# GIVEN RECORDS
⁂
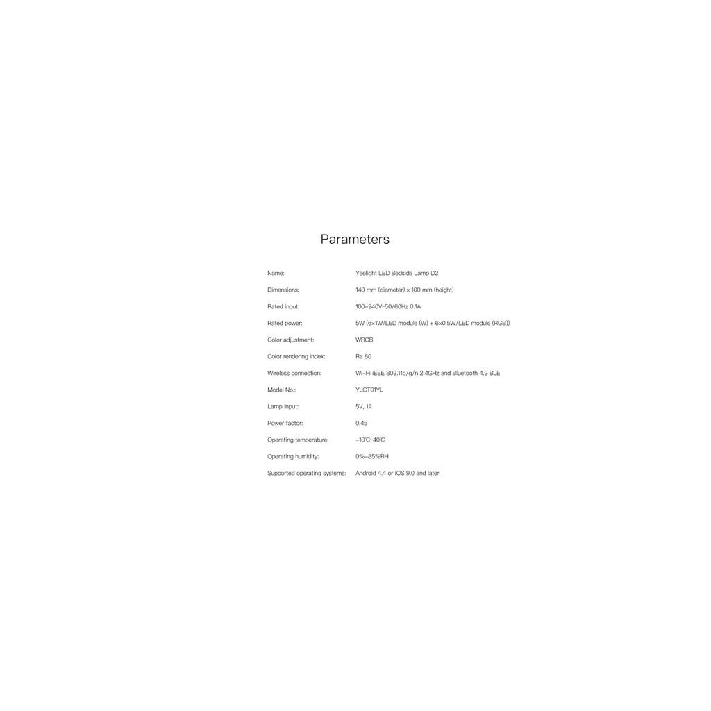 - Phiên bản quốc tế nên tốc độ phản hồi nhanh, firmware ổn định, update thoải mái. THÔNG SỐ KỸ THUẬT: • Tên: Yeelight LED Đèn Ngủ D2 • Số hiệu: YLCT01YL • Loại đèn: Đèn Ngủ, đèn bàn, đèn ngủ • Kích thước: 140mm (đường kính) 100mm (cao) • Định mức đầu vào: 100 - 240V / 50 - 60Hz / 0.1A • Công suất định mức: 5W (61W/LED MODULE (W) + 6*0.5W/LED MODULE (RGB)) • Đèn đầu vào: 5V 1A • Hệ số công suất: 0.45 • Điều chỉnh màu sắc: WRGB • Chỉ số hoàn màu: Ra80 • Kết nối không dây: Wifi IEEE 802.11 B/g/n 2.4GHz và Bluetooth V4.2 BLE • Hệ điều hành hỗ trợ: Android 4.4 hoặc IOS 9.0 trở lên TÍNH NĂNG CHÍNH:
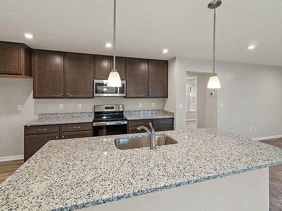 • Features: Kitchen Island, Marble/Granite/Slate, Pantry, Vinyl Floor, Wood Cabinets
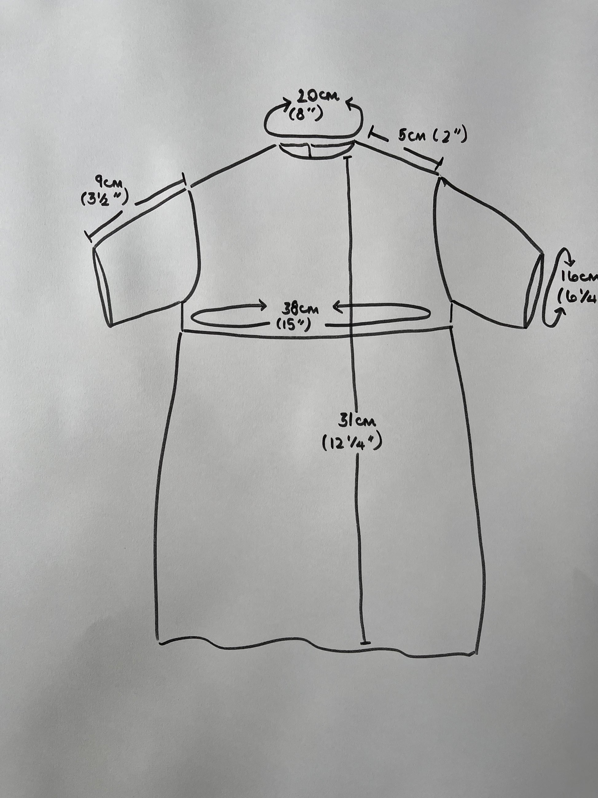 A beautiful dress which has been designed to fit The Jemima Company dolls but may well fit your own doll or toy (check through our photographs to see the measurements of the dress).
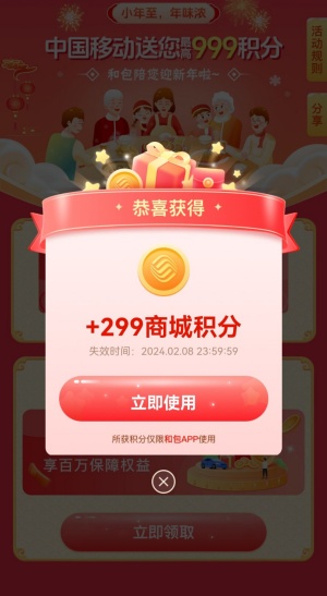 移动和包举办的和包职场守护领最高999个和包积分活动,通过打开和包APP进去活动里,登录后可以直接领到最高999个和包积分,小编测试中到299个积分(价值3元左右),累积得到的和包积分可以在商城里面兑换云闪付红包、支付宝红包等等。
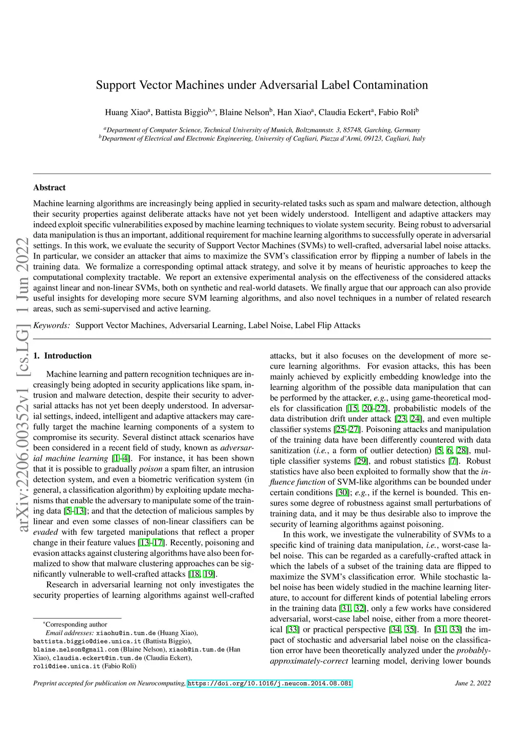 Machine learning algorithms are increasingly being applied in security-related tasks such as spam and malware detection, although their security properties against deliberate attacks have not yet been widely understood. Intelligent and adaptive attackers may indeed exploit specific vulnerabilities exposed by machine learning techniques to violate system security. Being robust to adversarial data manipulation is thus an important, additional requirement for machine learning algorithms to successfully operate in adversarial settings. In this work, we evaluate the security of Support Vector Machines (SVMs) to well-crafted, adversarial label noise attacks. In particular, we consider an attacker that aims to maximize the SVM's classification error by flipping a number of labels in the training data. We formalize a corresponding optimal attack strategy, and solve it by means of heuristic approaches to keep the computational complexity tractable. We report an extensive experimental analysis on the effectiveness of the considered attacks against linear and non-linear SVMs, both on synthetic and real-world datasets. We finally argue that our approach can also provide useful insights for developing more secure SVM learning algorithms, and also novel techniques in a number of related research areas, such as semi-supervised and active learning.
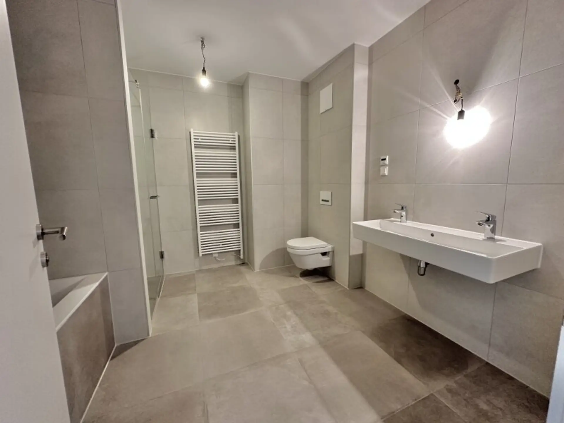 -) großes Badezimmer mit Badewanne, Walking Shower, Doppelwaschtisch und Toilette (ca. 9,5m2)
⁂
# WHAT THE TASK REQUIRES
Give the listing again in full, exactly as it is, but without its images.

# ANSWER TO THIS PROBLEM
 - Phiên bản quốc tế nên tốc độ phản hồi nhanh, firmware ổn định, update thoải mái. THÔNG SỐ KỸ THUẬT: • Tên: Yeelight LED Đèn Ngủ D2 • Số hiệu: YLCT01YL • Loại đèn: Đèn Ngủ, đèn bàn, đèn ngủ • Kích thước: 140mm (đường kính) 100mm (cao) • Định mức đầu vào: 100 - 240V / 50 - 60Hz / 0.1A • Công suất định mức: 5W (61W/LED MODULE (W) + 6*0.5W/LED MODULE (RGB)) • Đèn đầu vào: 5V 1A • Hệ số công suất: 0.45 • Điều chỉnh màu sắc: WRGB • Chỉ số hoàn màu: Ra80 • Kết nối không dây: Wifi IEEE 802.11 B/g/n 2.4GHz và Bluetooth V4.2 BLE • Hệ điều hành hỗ trợ: Android 4.4 hoặc IOS 9.0 trở lên TÍNH NĂNG CHÍNH:
 • Features: Kitchen Island, Marble/Granite/Slate, Pantry, Vinyl Floor, Wood Cabinets
 A beautiful dress which has been designed to fit The Jemima Company dolls but may well fit your own doll or toy (check through our photographs to see the measurements of the dress).
 移动和包举办的和包职场守护领最高999个和包积分活动,通过打开和包APP进去活动里,登录后可以直接领到最高999个和包积分,小编测试中到299个积分(价值3元左右),累积得到的和包积分可以在商城里面兑换云闪付红包、支付宝红包等等。
 Machine learning algorithms are increasingly being applied in security-related tasks such as spam and malware detection, although their security properties against deliberate attacks have not yet been widely understood. Intelligent and adaptive attackers may indeed exploit specific vulnerabilities exposed by machine learning techniques to violate system security. Being robust to adversarial data manipulation is thus an important, additional requirement for machine learning algorithms to successfully operate in adversarial settings. In this work, we evaluate the security of Support Vector Machines (SVMs) to well-crafted, adversarial label noise attacks. In particular, we consider an attacker that aims to maximize the SVM's classification error by flipping a number of labels in the training data. We formalize a corresponding optimal attack strategy, and solve it by means of heuristic approaches to keep the computational complexity tractable. We report an extensive experimental analysis on the effectiveness of the considered attacks against linear and non-linear SVMs, both on synthetic and real-world datasets. We finally argue that our approach can also provide useful insights for developing more secure SVM learning algorithms, and also novel techniques in a number of related research areas, such as semi-supervised and active learning.
 -) großes Badezimmer mit Badewanne, Walking Shower, Doppelwaschtisch und Toilette (ca. 9,5m2)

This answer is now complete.